ABOUT THIS TASK: Could you transcribe all of the data exactly and skip any pictures?

(DATA EXTRACT Opens)

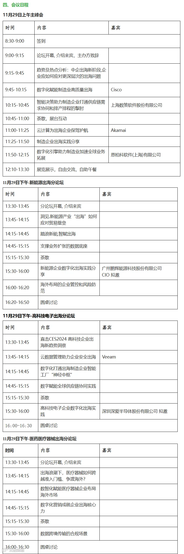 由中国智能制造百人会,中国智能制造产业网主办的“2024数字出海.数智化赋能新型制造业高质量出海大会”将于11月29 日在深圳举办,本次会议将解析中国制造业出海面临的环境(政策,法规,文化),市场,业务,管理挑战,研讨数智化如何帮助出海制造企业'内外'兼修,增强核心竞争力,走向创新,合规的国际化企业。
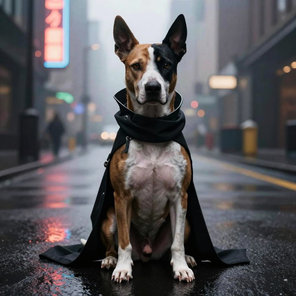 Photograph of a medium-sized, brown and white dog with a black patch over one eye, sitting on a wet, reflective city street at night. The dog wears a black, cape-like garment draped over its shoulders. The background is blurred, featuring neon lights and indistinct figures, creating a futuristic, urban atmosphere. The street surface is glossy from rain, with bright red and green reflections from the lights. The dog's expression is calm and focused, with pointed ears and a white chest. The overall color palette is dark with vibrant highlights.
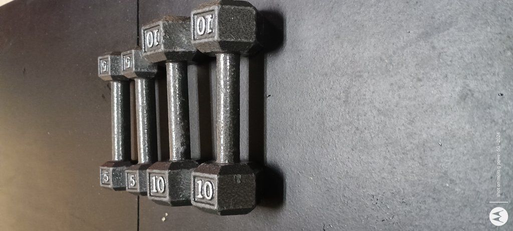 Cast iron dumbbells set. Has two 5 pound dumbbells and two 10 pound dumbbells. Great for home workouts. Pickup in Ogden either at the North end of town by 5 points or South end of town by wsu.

(DATA EXTRACT Closes)

YOUR RESPONSE:
 由中国智能制造百人会,中国智能制造产业网主办的“2024数字出海.数智化赋能新型制造业高质量出海大会”将于11月29 日在深圳举办,本次会议将解析中国制造业出海面临的环境(政策,法规,文化),市场,业务,管理挑战,研讨数智化如何帮助出海制造企业'内外'兼修,增强核心竞争力,走向创新,合规的国际化企业。
 Photograph of a medium-sized, brown and white dog with a black patch over one eye, sitting on a wet, reflective city street at night. The dog wears a black, cape-like garment draped over its shoulders. The background is blurred, featuring neon lights and indistinct figures, creating a futuristic, urban atmosphere. The street surface is glossy from rain, with bright red and green reflections from the lights. The dog's expression is calm and focused, with pointed ears and a white chest. The overall color palette is dark with vibrant highlights.
 Cast iron dumbbells set. Has two 5 pound dumbbells and two 10 pound dumbbells. Great for home workouts. Pickup in Ogden either at the North end of town by 5 points or South end of town by wsu.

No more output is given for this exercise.